Afinal, pessoas podem ser mortas por motivações culturais? A conversa esquentou na Câmara dos Deputados, em setembro. Com base em experiências como a vivida pela índia Muwaji Suruwahá – que enfrentou a tradição de sua gente para salvar a vida da filha deficiente física Iganani, condenada à morte por envenenamento –, o deputado federal Henrique Afonso (PT-AC) apresentou um projeto de lei que visa impedir “práticas tradicionais nocivas” que atentem contra a vida, obrigando o Estado brasileiro a agir para evitá-las. O texto torna crime a omissão de qualquer pessoa não indígena no caso de ameaças a crianças em tribos brasileiras. Se aprovado, o projeto interfere na política até hoje adotada pela Fundação Nacional do Índio, a Funai, que tem lidado com o infanticídio como uma questão meramente cultural, restrita ao entendimento da tribo.

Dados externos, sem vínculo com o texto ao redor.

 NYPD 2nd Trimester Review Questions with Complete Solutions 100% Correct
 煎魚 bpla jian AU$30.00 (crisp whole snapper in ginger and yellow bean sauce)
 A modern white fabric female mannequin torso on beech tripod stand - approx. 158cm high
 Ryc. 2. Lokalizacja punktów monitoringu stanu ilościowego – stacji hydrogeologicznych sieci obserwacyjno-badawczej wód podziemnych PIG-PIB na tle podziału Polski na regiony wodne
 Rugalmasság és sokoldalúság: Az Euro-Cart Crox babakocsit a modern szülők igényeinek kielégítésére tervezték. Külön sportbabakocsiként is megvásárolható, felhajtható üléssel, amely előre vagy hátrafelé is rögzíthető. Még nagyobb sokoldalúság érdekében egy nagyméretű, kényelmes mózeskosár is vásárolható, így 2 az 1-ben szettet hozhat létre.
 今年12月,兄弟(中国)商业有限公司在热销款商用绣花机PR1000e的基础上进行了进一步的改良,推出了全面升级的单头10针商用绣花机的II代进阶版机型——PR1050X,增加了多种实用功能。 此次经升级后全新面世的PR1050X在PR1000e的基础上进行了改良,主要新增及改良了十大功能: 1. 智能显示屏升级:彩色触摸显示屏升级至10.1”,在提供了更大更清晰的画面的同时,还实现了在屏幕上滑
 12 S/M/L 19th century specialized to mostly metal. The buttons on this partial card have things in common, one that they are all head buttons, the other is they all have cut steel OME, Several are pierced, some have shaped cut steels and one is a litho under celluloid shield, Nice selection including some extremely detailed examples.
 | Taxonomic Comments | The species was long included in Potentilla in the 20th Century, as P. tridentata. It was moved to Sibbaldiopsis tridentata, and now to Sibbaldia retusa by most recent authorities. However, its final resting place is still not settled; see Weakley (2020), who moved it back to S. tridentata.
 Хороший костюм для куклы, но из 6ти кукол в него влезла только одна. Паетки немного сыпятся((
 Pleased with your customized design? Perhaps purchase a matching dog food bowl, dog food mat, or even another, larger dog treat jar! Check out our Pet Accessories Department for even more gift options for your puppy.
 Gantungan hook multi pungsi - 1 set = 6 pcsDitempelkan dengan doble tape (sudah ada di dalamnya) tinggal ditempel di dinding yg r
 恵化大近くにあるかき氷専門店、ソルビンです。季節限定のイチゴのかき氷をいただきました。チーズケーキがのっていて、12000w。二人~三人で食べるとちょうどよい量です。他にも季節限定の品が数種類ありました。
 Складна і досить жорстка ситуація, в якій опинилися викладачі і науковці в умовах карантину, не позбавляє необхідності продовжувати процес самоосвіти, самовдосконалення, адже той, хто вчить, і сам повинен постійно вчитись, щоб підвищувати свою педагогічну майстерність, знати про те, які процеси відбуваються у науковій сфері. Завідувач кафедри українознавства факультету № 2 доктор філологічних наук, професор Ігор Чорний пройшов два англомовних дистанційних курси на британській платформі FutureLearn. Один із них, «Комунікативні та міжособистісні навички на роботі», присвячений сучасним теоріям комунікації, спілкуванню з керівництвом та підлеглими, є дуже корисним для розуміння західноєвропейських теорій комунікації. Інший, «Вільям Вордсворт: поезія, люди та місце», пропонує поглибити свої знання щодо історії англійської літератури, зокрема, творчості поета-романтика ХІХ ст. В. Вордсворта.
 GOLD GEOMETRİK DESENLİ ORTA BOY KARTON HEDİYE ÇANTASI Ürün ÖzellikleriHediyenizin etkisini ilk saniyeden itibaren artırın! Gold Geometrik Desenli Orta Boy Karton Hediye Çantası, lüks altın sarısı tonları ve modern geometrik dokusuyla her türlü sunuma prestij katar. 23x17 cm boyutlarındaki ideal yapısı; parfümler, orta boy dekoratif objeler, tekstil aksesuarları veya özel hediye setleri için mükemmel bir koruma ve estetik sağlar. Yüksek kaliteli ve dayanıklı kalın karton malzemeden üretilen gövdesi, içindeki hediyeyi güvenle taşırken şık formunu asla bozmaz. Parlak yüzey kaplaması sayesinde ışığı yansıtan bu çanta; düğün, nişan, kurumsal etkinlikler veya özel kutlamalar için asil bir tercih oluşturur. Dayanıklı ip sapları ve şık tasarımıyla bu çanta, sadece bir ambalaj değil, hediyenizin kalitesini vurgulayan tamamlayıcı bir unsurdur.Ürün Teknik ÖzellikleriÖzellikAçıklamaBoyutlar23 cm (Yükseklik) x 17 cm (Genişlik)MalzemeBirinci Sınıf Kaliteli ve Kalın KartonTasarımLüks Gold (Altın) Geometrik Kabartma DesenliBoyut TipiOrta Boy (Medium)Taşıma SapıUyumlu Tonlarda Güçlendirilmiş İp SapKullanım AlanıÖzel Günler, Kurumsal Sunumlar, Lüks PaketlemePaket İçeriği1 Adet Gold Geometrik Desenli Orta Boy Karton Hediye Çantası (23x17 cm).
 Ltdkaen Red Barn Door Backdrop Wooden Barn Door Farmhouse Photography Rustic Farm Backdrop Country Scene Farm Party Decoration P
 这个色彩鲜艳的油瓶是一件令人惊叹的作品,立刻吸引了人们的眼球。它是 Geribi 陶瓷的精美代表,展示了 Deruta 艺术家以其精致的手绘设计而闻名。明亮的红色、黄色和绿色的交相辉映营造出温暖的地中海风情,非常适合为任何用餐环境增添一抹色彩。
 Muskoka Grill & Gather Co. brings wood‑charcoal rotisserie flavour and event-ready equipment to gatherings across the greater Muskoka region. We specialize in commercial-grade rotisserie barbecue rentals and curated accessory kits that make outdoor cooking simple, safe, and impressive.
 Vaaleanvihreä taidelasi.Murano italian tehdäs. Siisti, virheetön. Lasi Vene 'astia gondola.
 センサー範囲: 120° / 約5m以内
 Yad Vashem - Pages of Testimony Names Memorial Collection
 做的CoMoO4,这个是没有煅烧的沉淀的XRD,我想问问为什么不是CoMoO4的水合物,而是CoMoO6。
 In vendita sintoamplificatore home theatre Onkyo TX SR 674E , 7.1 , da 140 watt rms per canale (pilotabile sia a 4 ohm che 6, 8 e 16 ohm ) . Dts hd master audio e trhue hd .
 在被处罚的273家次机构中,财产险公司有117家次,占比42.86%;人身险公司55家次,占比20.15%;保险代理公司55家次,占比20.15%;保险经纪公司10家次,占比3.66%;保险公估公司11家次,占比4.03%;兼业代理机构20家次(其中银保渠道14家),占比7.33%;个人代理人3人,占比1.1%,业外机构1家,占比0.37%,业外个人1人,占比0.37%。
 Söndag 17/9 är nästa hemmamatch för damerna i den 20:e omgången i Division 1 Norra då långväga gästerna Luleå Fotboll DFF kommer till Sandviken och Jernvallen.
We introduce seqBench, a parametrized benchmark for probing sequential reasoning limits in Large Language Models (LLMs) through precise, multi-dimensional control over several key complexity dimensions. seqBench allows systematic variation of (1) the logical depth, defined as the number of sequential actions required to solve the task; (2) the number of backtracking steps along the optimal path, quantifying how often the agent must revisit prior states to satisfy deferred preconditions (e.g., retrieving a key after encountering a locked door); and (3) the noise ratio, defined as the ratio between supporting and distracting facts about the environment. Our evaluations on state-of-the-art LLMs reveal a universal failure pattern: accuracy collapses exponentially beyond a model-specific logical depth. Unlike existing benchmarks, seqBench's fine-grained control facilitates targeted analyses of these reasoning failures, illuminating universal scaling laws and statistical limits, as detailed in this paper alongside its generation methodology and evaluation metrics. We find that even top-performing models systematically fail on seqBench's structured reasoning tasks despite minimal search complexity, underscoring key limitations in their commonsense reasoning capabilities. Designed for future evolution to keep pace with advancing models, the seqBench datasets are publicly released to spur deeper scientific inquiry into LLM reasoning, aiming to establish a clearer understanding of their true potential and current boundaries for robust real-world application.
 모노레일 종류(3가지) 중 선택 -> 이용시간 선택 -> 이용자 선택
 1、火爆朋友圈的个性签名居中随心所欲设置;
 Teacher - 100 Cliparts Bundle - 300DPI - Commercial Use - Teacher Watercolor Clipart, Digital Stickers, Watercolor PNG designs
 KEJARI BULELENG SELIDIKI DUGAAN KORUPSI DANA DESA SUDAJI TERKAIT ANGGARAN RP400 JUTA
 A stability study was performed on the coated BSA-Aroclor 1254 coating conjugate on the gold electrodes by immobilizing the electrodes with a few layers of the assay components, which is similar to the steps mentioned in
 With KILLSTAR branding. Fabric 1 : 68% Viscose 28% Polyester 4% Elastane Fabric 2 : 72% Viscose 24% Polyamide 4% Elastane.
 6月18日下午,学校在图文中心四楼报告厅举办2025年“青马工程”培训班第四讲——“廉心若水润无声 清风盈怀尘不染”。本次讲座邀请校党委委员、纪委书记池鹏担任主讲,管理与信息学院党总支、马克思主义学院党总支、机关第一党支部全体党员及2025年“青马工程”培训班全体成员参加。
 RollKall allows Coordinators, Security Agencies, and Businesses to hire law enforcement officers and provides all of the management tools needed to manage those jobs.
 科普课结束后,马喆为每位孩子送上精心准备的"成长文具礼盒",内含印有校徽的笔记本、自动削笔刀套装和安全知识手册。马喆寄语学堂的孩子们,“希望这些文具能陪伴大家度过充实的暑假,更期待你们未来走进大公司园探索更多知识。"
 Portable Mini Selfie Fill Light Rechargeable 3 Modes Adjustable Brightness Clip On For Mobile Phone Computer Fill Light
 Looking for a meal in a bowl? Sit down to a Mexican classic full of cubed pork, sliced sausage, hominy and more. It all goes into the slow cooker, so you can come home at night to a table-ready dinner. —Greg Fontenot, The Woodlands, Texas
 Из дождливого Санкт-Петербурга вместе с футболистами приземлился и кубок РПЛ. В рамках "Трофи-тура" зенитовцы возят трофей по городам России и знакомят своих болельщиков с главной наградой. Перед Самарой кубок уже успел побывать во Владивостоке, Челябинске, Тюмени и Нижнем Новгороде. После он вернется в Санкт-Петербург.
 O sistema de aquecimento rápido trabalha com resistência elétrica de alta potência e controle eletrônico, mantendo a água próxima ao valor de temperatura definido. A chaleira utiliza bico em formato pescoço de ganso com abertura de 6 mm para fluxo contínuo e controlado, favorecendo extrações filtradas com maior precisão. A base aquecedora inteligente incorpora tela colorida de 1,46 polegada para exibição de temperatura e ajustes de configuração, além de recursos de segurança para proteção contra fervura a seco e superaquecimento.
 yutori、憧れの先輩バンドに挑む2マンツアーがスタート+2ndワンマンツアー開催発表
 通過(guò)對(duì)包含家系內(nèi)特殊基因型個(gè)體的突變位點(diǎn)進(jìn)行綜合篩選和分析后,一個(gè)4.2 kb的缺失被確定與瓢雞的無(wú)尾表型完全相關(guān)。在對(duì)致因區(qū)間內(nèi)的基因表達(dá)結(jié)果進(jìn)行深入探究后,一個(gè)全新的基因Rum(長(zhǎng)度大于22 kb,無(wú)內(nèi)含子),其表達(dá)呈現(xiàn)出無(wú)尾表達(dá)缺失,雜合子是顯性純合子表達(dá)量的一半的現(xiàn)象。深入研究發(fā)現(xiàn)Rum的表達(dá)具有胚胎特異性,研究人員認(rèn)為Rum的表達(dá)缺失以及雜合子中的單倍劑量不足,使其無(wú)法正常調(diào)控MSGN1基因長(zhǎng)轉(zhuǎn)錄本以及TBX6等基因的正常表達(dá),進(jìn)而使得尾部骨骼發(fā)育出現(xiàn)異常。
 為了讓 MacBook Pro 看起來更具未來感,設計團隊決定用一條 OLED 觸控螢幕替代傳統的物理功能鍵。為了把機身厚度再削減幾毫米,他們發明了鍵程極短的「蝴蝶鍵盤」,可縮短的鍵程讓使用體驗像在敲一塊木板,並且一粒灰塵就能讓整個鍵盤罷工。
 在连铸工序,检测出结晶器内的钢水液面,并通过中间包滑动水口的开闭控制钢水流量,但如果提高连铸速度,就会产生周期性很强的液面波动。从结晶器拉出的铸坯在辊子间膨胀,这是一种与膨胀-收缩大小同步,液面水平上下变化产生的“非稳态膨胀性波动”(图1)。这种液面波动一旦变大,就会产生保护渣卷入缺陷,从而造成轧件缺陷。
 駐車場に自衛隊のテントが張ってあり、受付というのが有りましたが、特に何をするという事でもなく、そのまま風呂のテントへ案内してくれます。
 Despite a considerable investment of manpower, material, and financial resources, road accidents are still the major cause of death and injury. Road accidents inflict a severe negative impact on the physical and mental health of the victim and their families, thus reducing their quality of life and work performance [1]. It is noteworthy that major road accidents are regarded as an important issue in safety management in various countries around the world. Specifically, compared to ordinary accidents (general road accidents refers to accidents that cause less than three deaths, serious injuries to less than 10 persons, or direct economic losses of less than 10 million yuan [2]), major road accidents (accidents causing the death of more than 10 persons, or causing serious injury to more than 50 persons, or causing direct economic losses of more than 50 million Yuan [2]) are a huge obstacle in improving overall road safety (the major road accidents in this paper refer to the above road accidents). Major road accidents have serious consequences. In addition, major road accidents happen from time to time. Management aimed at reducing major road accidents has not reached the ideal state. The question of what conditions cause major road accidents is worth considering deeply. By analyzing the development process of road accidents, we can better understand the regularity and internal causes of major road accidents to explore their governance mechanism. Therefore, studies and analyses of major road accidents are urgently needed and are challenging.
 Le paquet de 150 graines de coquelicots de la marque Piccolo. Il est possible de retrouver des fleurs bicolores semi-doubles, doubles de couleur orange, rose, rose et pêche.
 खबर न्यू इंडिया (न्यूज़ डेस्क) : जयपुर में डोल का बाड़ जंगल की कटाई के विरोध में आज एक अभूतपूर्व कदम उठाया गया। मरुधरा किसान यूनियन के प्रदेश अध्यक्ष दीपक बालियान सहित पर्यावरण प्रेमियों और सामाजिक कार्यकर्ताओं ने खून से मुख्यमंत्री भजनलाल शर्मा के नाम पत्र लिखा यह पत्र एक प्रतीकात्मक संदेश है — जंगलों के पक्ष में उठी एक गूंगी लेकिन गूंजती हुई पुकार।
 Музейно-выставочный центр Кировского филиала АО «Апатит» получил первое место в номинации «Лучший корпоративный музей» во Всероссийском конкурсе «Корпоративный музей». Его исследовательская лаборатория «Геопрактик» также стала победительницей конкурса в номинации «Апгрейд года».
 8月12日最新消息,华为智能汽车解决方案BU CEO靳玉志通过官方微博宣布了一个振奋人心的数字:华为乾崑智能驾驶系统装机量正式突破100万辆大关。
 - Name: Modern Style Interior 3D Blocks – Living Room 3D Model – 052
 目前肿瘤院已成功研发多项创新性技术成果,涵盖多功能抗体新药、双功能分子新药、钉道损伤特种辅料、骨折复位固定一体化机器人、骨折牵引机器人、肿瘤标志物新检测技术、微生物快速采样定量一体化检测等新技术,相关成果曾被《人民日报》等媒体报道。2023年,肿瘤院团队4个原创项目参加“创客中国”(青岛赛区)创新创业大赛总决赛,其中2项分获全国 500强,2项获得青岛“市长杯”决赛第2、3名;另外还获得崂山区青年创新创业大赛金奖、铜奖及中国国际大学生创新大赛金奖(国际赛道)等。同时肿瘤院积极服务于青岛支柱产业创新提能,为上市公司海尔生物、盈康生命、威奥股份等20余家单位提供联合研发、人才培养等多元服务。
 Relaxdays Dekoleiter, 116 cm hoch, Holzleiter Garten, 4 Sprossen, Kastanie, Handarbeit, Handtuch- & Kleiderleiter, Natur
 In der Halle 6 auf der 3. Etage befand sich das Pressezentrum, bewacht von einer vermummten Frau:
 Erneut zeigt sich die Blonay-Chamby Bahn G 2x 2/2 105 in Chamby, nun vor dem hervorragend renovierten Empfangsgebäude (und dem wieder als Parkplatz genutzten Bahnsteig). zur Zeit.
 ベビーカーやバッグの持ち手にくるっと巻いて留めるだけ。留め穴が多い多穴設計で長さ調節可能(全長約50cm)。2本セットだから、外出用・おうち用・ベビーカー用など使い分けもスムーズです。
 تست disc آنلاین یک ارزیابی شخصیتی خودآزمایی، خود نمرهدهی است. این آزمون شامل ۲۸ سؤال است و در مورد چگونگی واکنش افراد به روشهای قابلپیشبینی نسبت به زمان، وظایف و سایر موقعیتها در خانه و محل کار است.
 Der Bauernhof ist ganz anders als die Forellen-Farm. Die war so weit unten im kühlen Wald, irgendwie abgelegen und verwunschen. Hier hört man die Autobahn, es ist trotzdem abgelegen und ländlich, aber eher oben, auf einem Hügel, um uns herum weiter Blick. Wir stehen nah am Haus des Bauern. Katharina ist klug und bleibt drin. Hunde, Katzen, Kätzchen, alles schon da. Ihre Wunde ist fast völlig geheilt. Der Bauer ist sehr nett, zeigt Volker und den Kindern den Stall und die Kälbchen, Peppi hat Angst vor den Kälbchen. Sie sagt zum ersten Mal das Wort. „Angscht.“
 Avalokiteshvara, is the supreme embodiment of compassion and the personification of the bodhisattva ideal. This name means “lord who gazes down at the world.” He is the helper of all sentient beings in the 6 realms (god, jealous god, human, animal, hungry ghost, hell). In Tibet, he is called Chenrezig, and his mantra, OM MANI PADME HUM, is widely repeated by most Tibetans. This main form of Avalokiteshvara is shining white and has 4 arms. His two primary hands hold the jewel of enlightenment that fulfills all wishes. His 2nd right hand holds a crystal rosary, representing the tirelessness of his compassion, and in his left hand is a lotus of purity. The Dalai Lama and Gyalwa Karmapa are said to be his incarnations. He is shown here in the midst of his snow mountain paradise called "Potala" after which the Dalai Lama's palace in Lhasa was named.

Mais do que isto, o governo atualmente desestimula – e em muitos casos impede – a ação de quem queira resgatar uma dessas crianças rejeitadas por problemas de saúde ou por crenças variadas. O caso de Iganami, ocorrido em 2005, rendeu projeção nacional e muitos problemas aos missionários e etnolingüistas Edson e Márcia Suzuki, casal ligado à agência missionária Jovens com uma Missão (Jocum) e que trabalha com a comunidade suruwahá há 20 anos. Eles atenderam ao pedido de Muwaji e conseguiram tratamento com especialistas em São Paulo para sua filha, vítima de paralisia cerebral. A história apareceu em reportagens da TV Globo. E o fato de eles terem levado a família, de uma etnia semi-isolada na Amazônia, a encontrar socorro fora de seu ambiente cultural, provocou uma saraivada de críticas. Os Suzuki, que criaram a Ong Atini, foram acusados de, por motivações religiosas, se intrometerem indevidamente na vida dos suruwahá, povo que tem cerca de 130 indivíduos. Velhos preconceitos, já cristalizados no país, contra missionários evangélicos, vieram à tona e eles chegaram a ser denunciados pelo Ministério Público. O trabalho dos Suzuki, que falam perfeitamente a língua suruwahá, chegou a ser ameaçado de interrupção sob acusações pesadas, como seqüestro de crianças.

“Estado omisso” – O projeto de Henrique Afonso pretende mudar isso. O texto proposto pelo deputado não criminaliza os indígenas, já que eles são inimputáveis perante a lei, como determina a Constituição brasileira e os Códigos Penal e Civil. O projeto também não obriga – ao contrário do que dizem os críticos – ninguém a interferir acintosa ou violentamente nas comunidades para salvar as crianças condenadas por razões culturais. Mas aponta para uma direção mais racional: obriga qualquer não indígena a comunicar às autoridades, por meio dos postos da própria Funai e da Funasa, se souber de casos em que crianças estejam com a vida ameaçada por ritos tribais. O texto reafirma a responsabilidade do Estado brasileiro em cumprir suas principais atribuições e, por meio de diálogo e de ações educativas, zelar pela vida dessas crianças, conforme determina a Constituição e as convenções internacionais assinadas pelo país.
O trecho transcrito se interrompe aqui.